# The Algorithmic Probability of a Prime Number

The Algorithmic Probability of a Prime Number, defined using Levin’s Coding Theorem.

Aidan Rocke https://github.com/AidanRocke
01-07-2022

From a frequentist perspective, the typical probability that we observe a prime $$p \in \mathbb{P}$$ may be defined as follows:

$\begin{equation} \lim_{N \to \infty} \forall X \sim U([1,N]), P(X \bmod p = 0) = \lim_{N \to \infty} \frac{1}{N} \cdot \lfloor \frac{N}{p} \rfloor = \frac{1}{p} \tag{1} \end{equation}$

In order to define the entropy associated with this discrete probability distribution we may introduce the random variable $$x_p \in \{0,1\}$$ defined as follows:

$\begin{equation} \lim_{N \to \infty} \forall X \sim U([1,N]), X \bmod p = 0 \implies x_p = 1 \tag{2} \end{equation}$

and $$x_p = 0$$ otherwise.

In light of Levin’s Coding theorem,

$\begin{equation} -\log_2 m(x) = K_U(x) + \mathcal{O}(1) \tag{3} \end{equation}$

we may define the algorithmic information gained from observing a prime $$p \in \mathbb{P}$$:

$\begin{equation} K_U(x_p) \sim -\log_2 \frac{1}{p} = \log_2 p \tag{4} \end{equation}$

so the prime numbers are algorithmically random. Moreover, Levin’s Coding theorem implies:

$\begin{equation} -\log_2 m(x)^{m(x)} \sim m(x) \cdot K_U(x) \tag{5} \end{equation}$

Thus, from an information-theoretic perspective, Chebyshev’s theorem(1852):

$\begin{equation} H(x_{p_1},....,x_{p_{\pi(N)}}) = \sum_{p \leq N} H(x_p) \sim \sum_{p \leq N} \frac{1}{p} \cdot \log_2 p \sim \log_2 N \tag{6} \end{equation}$

may be understood as the Expected Algorithmic Information gained from observing a prime number of unknown magnitude in the interval $$[1,N] \subset \mathbb{N}$$.

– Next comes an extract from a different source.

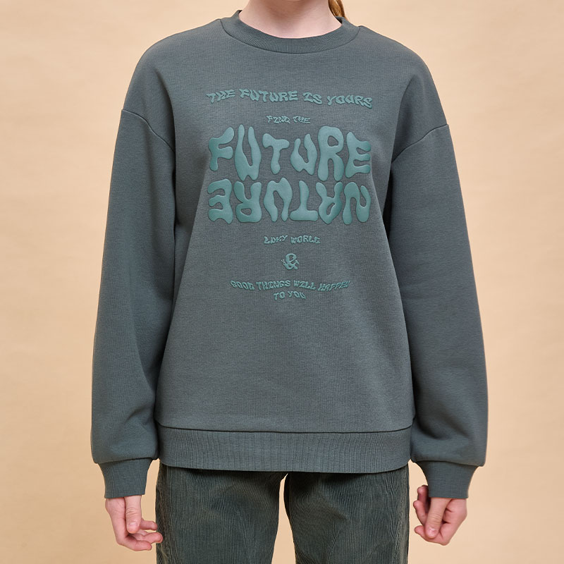 Состав: 66%хлопок 34%полиэстерОписание: Свитшот детский для девочки. Свободная толстовка со спущенным плечом подарит ребёнку комфорт и станет стильным дополнением гардероба. Объёмный свитшот — актуальный модный тренд. Манжеты, отделка горловины и низа изделия выполнены из эластичной рибаны (ткани в рубчик). Она не растягивается, отлично сохраняет форму, при этом ребёнку удобно надевать и снимать свитшот. Модель неприхотлива в уходе. Свитшот с принтом по переду выполнен из футера с начёсом. Модный мягкий пуфф-принт приятный на ощупь, мягкий и эластичный, великолепно переносит частые стирки. Надписи переводятся: «будущее за тобой», «найди будущую природу», «счастливый мир и хорошие вещи произойдут с тобой». В составе ткани преобладает высококачественный хлопок — толстовка приятна на ощупь и прекрасно пропускает воздух. Полиэстер помогает сохранить цвет и первозданный внешний вид надолго. Кофта выполнена в в универсальном цвете, который легко сочетать с любыми брюками, джинсами. Оверсайз-свитшот подходит как для маленьких девочек, так и для девочек-подростков. Джемпер идеален для детского сада, прогулок, активного отдыха, дома. Толстовку с начесом можно носить круглый год. Помните о правильном уходе за изделием: рекомендуется стирать при температуре не выше 30 °C, без предварительного замачивания, с изнанки. Это поможет сохранить качество и цвет свитшота на длительное время. Не забывайте о выборе правильного размера. Используйте таблицу размеров на фотографии, чтобы выбрать подходящий вариант для вашей девочки. Обратите внимание, что цвет товара на экране вашего устройства может отличаться от реального.

As a direct consequence of the formula for the joint entropy (6), we may deduce that:

$\begin{equation} P(x_p \land x_q) = P(x_p) \cdot P(x_q) \sim 2^{-K_U(x_p)} \cdot 2^{-K_U(x_q)} \sim \frac{1}{p} \cdot \frac{1}{q} \tag{7} \end{equation}$

as the algorithmic randomness of prime numbers (4), guarantees that $$x_p$$ and $$x_q$$ are independent events.

1. Kolmogorov A.N. Three approaches to the quantitative definition of information. Problems Inform. Transmission, 1(1):1–7, 1965.
2. Peter Grünwald and Paul Vitányi. Shannon Information and Kolmogorov Complexity. 2010.
3. MacKay, David J.C. (2003). Information Theory, Inference, and Learning Algorithms. Cambridge University Press. ISBN 0-521-64298-1.